The invention has the following beneficial effects: the method comprehensively considers the self characteristics, environmental quantity indexes, dynamic characteristics, kinematic indexes and other indexes of the bridge, determines whether a monitoring area is in a dangerous state and the dangerous degree through comprehensive early warning grade quantity, the importance degree of each monitoring index is different, the contribution degree of the numerical value to the final early warning grade quantity is different, different weight values are respectively given to each monitoring index of each monitoring point according to the risk of each monitoring point position and the importance of the monitoring index, the weight values of each monitoring index are required to be determined before early warning of the bridge disaster, comprehensive analysis and judgment are carried out on various monitoring indexes, a reasonable early warning process is established, the monitoring accuracy is improved, the workload of manual analysis data is reduced, and the timeliness of disaster early warning is improved.

Drawings

FIG. 1 is a schematic flow diagram of the present invention.

Detailed Description

The technical solutions of the present invention will be described clearly and completely with reference to the accompanying drawings, and it should be understood that the described embodiments are some, but not all embodiments of the present invention. All other embodiments, which can be derived by a person skilled in the art from the embodiments given herein without making any creative effort, shall fall within the protection scope of the present invention.
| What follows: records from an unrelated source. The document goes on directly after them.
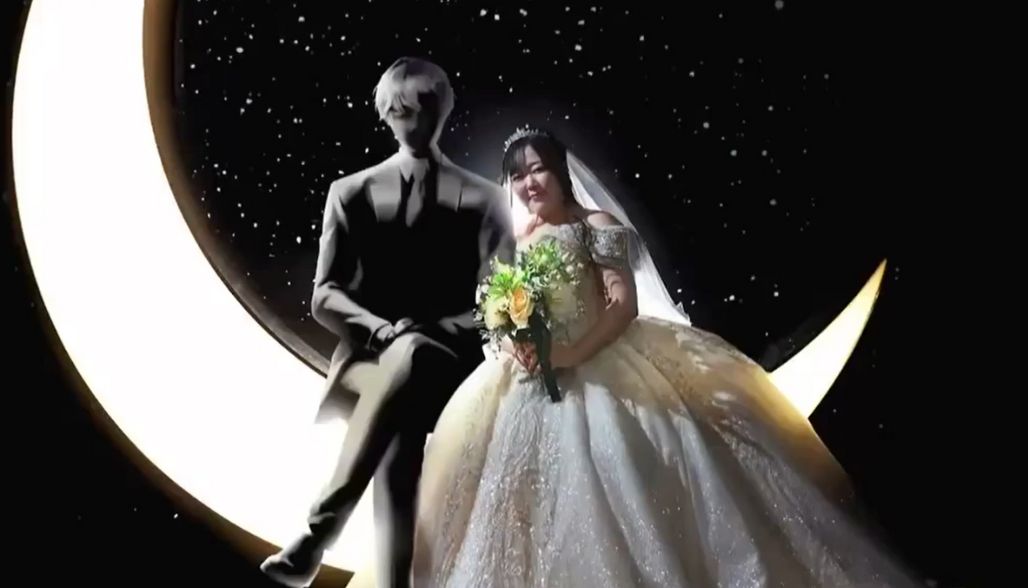En redes sociales se ha viralizado el video donde aparece con su vestido de novia, en un templo y un aparato con el que puede ver a su pareja virtual.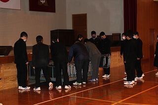 本日6校時に1・2年生で第1回目の卒業式の練習を行いました。気持ちの入った練習態度はさすがでした。会場設営も慣れたものですね。とても手際が良かったです。校長からの宿題頑張って考えてね。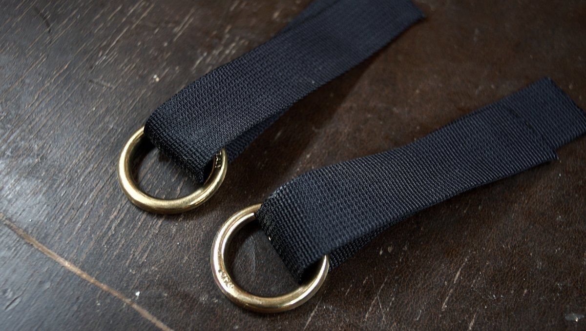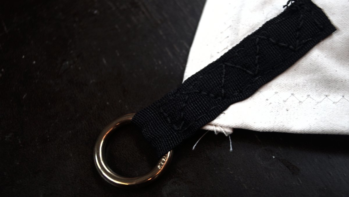 We bought 4 bronze rings and some nylon webbing and stitched it onto the four corners.

In the description of the present invention, it should be noted that the terms "center", "upper", "lower", "left", "right", "vertical", "horizontal", "inner", "outer", etc., indicate orientations or positional relationships based on the orientations or positional relationships shown in the drawings, and are only for convenience of description and simplicity of description, but do not indicate or imply that the device or element being referred to must have a particular orientation, be constructed and operated in a particular orientation, and thus, should not be construed as limiting the present invention. Furthermore, the terms "first," "second," and "third" are used for descriptive purposes only and are not to be construed as indicating or implying relative importance.

Example 1

A bridge safety state early warning method comprises the following steps:

and S1, determining parameters to be monitored by the early warning monitoring module according to the occurrence principle and the occurrence process of the bridge disaster and the self characteristics of the bridge, wherein the early warning monitoring module can obtain the self characteristics, the environmental quantity indexes, the dynamic characteristics and the kinematic indexes of the bridge.

The bridge is influenced by the self structure form, the stability analysis focuses on different points, and the self characteristics comprise bridge material, bridge span structure, stress characteristics, span and structure system; meanwhile, the influence of the surrounding environment is often considered in analyzing the bridge safety state, mainly the influence of the wind speed on the bridge stability; the damage degree of the bridge can be embodied by dynamic characteristics, wherein the dynamic characteristics comprise amplitude, damping, natural vibration frequency and abnormal vibration frequency; meanwhile, kinematic indexes including inclination angle amount, inclination angle change rate, displacement amount and displacement change rate are assisted.

Other indicators may also be added depending on the condition of the particular monitored target.

S2, determining the weighted value of each monitoring index of each monitoring position, determining the early warning grade quantity of each monitoring index according to the monitoring value and the weighted value of each monitoring index, and calculating the comprehensive early warning grade quantity according to the early warning grade quantity of each monitoring index.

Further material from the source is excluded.